Retrieval and analysis of implants benefits patients, as this method leads to implant design. Implants have a minimum lifespan of three months, penetrate living tissue, have a physiologic interaction and are retrievable. A number of barriers exist to establishing an implant retrieval program. Major impediments are the costs associated with such a program and fear of litigation affecting manufacturers, hospitals, physicians, and investigators. The long-term goal of Professor John DesJardins’ Creative Inquiry project is to discuss, investigate, develop, establish, promote and grow a viable retrieval program.

Rather than throwing these used devices away, members of this team have started a state-wide program, known as Clemson University Retrieval of Explants Program in Orthopedics (CU-REPO) to learn more about why implants fail, how they work, and how we can make them last longer. The aim of such a program is to provide a working repository for retrieved implants, and to develop the tools and techniques for the systematic evaluation of implant designs, materials, surfaces and function.
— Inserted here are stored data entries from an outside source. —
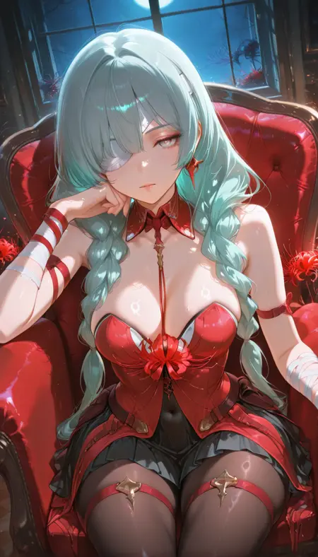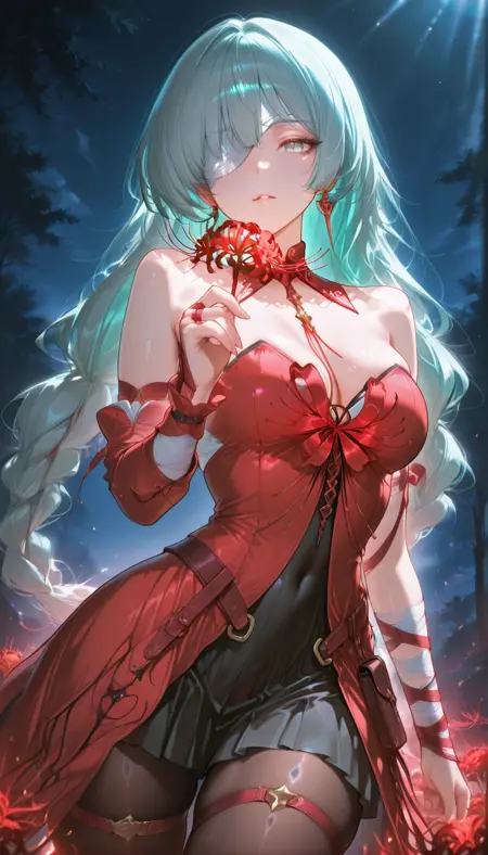 WWPhrolova、ロングヘア、胸、大きい胸、ジュエリー、非常に長い髪、中くらいの胸、緑の目、灰色の髪、編み込み、イヤリング、開いた唇、灰色の目、編み込みツインテール、片方の目に包帯、アイパッチ、多色の髪、低いツインテール、アクア色の髪、目の間の髪、
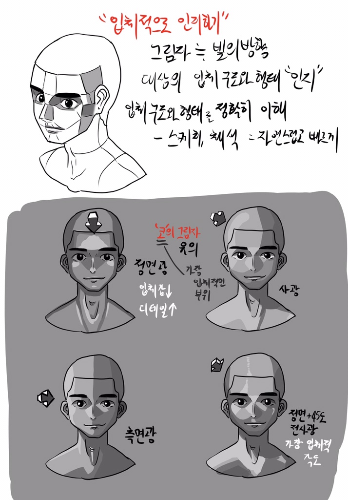 얼굴의 경우 입체적인 부위에 대한 이해를 바탕으로 그려줘야 함.
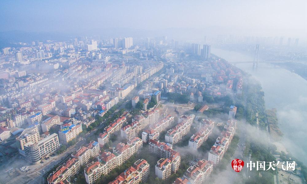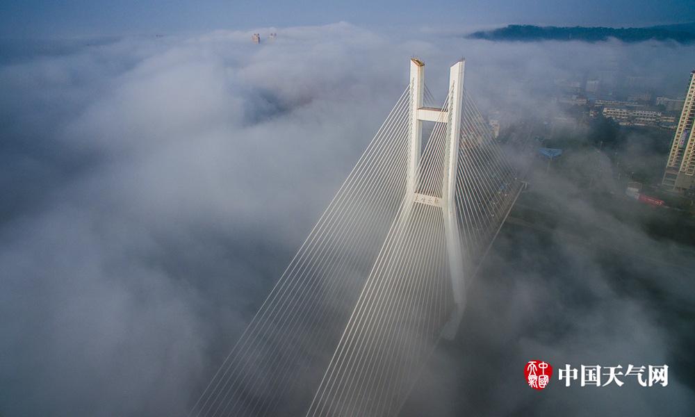 今天(28日)早上,广西百色市右江区笼罩在“仙气”中,从远处望去建筑物若隐若现,宛如仙境美不胜收。据百色市气象台介绍,此次大雾为辐射平流雾,因前晚上地面辐射降温达到凝结温度,经暖湿气流随空气流动遇上辐射降温的空气凝结成雾。(文/蒋健)图为屹立云雾的东合桥。(摄影:李明志)
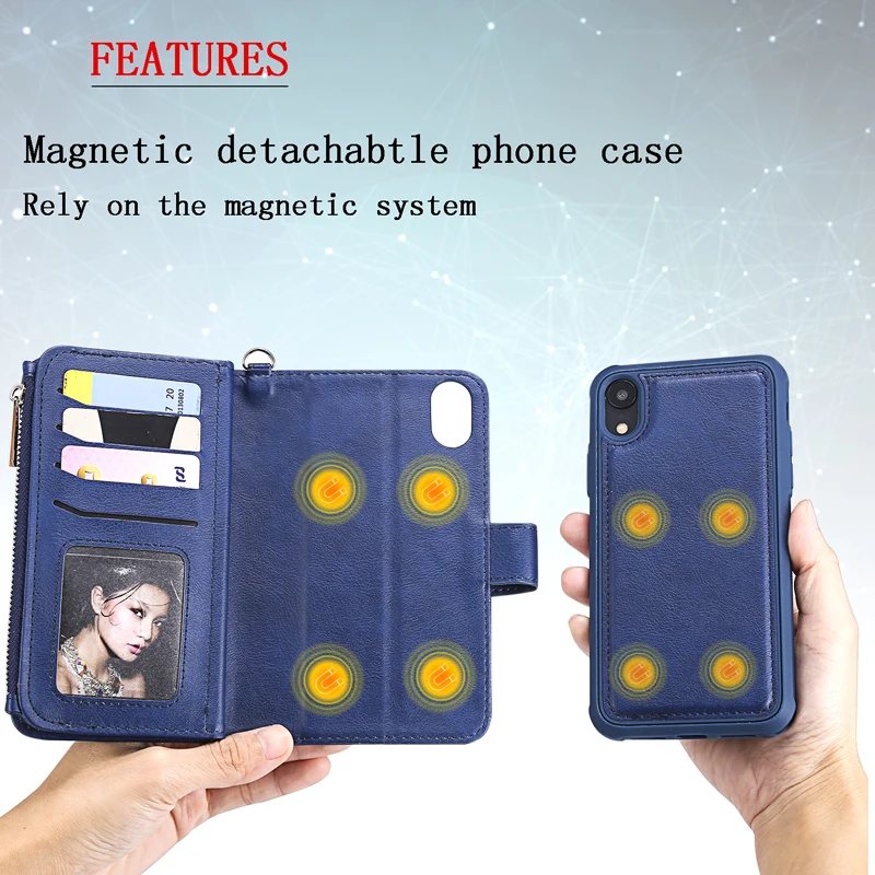 | Luxury Zipper Wallet 2 in 1 Leather Flip Case Phone Soft Silicone Cover Shell Coque Fundas Hull for Apple iPhone X XS MAX XR |
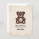 A birthday postcard with an illustration of a teddy bear against a stained background and customisable texts with a curvy line: perfect to send to a kid or to accompany a gift!
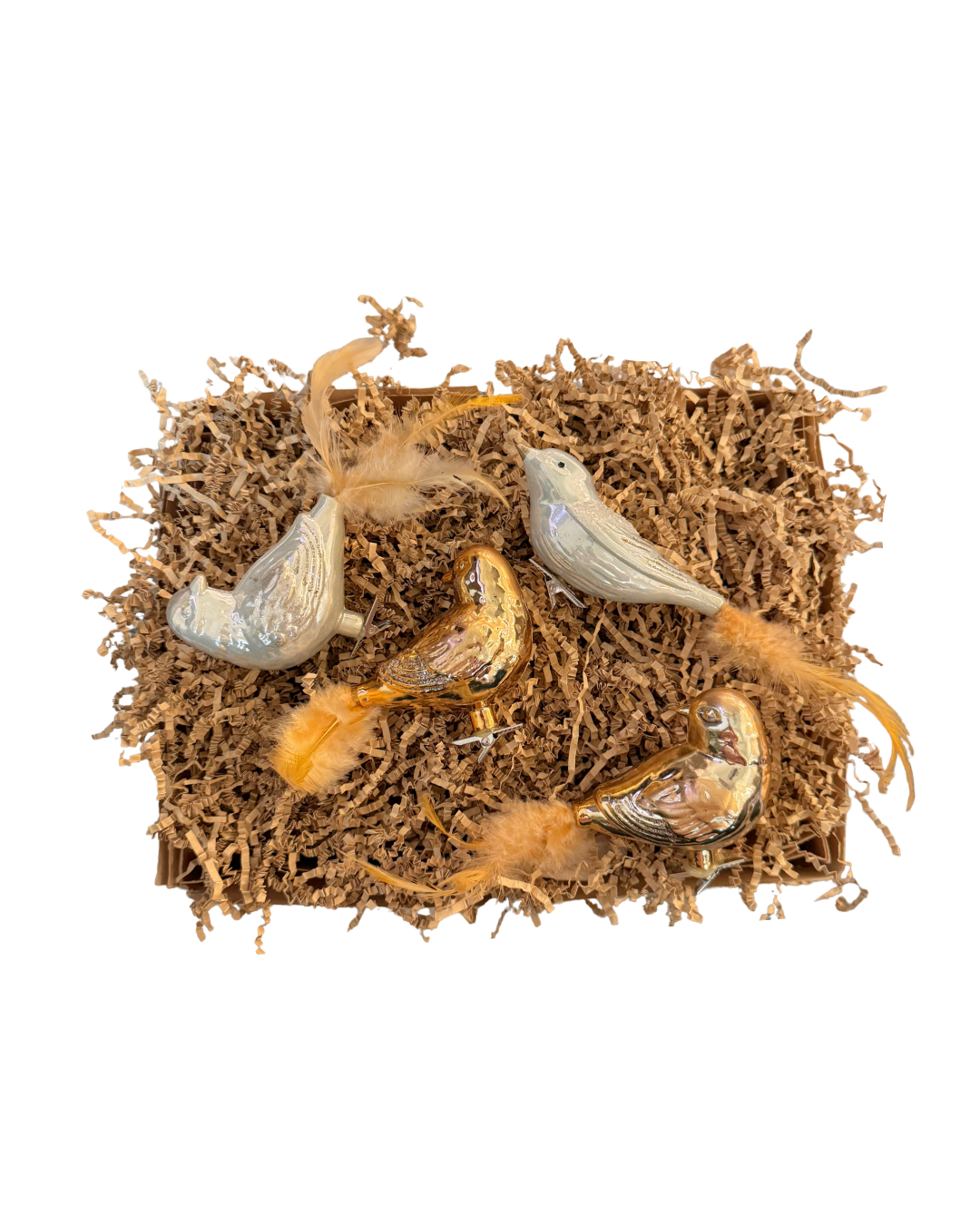 This delicate set of four vintage glass bird ornaments features two in shimmering gold and two in icy blue, each finished with original feather tails and metal clips for easy attachment to your tree. With their charming mid-century style and gentle signs of age, these birds bring a whimsical, nostalgic touch to any holiday display.
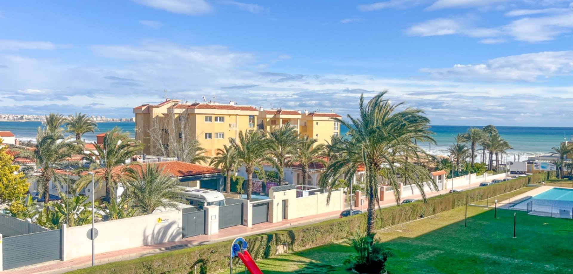 Diese aufgewertete Dreizimmerwohnung befindet sich im Edificio Nautilus II, einer der bekanntesten Küstenanlagen in Punta Prima, nur wenige Gehminuten vom Strand Cala Piteras und dem Restaurant Nautilus entfernt. Die Lage kombiniert den einfachen Zugang zur Uferpromenade mit praktischen Annehmlichkeiten für den Alltag — ein etabliertes Umfeld innerhalb der Orihuela Costa. Die Wohnung ist komplett möbliert und bezugsfertig. Im Inneren fühlt sich der Grundriss offen und ausgewogen an: Ein gemütlicher Wohn- und Essbereich verbindet sich mit einer modernen, komplett renovierten Küche, die über ein Insel-Design, qualitativ hochwertige integrierte Geräte und gut organisierte Stauräume verfügt. Es gibt insgesamt drei Schlafzimmer. Das Hauptschlafzimmer hat ein eigenes Badezimmer, während die anderen beiden ein zweites voll ausgestattetes Badezimmer teilen. Das Zuhause profitiert auch von einer zentralen Klimaanlage, die ganzjährig für Komfort sorgt. Weitere Höhepunkte sind eine geschlossene Tiefgarage, ein privater Solarium-Abstellraum und Meerblick von der Terrasse, die sowohl Bequemlichkeit als auch einen angenehmen Küstenblick bieten. Im Edificio Nautilus II genießen die Bewohner Zugang zu einem Gemeinschaftspool, der von gepflegten Landschaftsbereichen umgeben ist. Die Gemeinschaft ist sicher, gut gepflegt und wird nach hohen Standards verwaltet. Vom Gebäude aus ist der Strand Cala Piteras nur einen kurzen Spaziergang entfernt — vor Ort bekannt für seine ruhigen Gewässer und Küstenwege, die zur Frontpromenade von Torrevieja führen. Alltagsannehmlichkeiten wie Supermärkte, Cafés und öffentliche Verkehrsmittel sind in der Nähe, was es einfach macht, sich ohne Auto fortzubewegen. Die weitere Region Orihuela Costa ist gut angebunden. La Zenia Boulevard, mehrere bekannte Golfplätze wie Villamartín und Las Ramblas sowie zahlreiche Strände sind in kurzer Fahrzeit erreichbar. Sowohl der Flughafen Alicante (45 Minuten) als auch der Flughafen Murcia (35 Minuten) bieten das ganze Jahr über zuverlässigen Zugang für internationale Reisen.
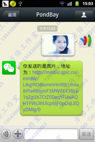 ToUserName 消息接收方微信号,一般为公众平台账号微信号 FromUserName 消息发送方微信号 CreateTime 消息创建时间 MsgType 消息类型;图片消息为image PicUrl 图片链接地址,可以用HTTP GET获取 MsgId 消息ID号
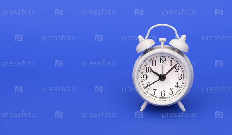 Белый будильник в старом стиле изолирован на синем фоне
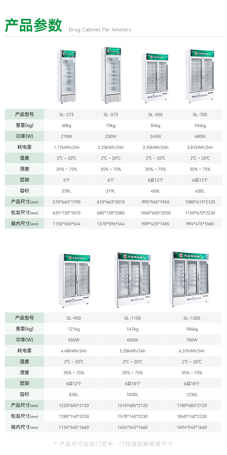 - 450L double door medicine cool cabinet [temperature/humidity controllable data record] SL-500
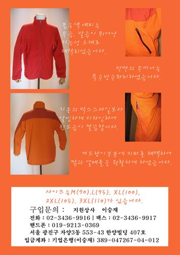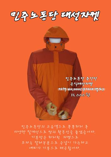 민주노동당에서 제작한 자켓 판매 웹자보이다. 붉은색 네피를 사용하고 투습성이 뛰어난 기능성 소재로 제작되었다. 가슴부분에 지퍼를 채택하여 땀과 열배출을 원활하게 한다. 민주노동당의 고유색으로 투톤 처리 후 다양한 절개선으로 활동성을 높였다. 모자는 탈부착이 가능하고, 내피가 기본으로 제공된다.
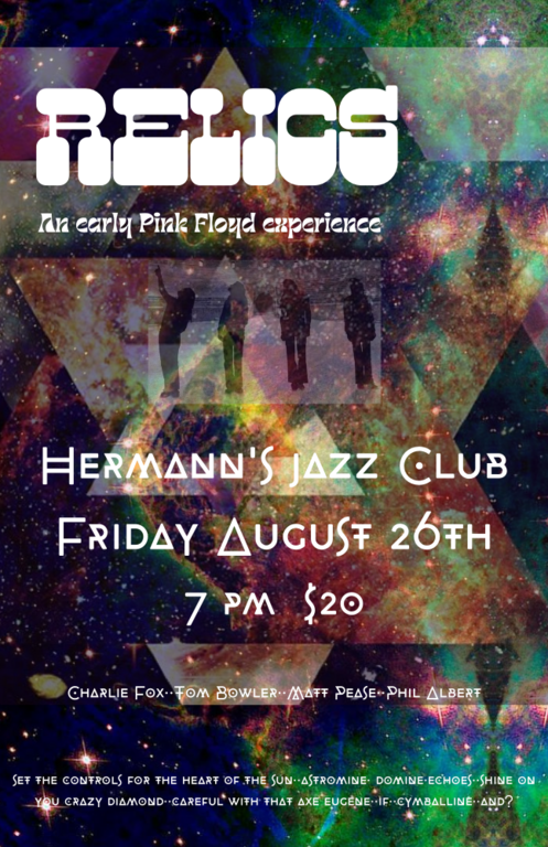 Imagine walking into a bar in the early 70's, and Pink Floyd is in the corner playing their iconic Rock music...That is the vibe that "Relics" will be presenting at their show at Hermann's Jazz Club (downstairs) on Friday August 26th at 7pm.
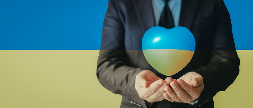 Heart with print the national flag of ukraine in hands, Copy space. stop the war and peace in Ukraine, freedom for Ukraine,

Every year nearly 1 million patients receive total joint replacements to relieve arthritis pain and restore joint function in the hip or knee. Within 15 years it is predicted that this clinical procedure will increase as much as 675%, as our population ages. These implants are not perfect, and sometimes they are removed, or explanted, because of infection, loosening, damage or wear. This team of undergraduate bioengineers collaborate with hospitals and surgeons from around the state and nation. They collect, clean, catalog and study explanted total joint replacements to make them better for all of us.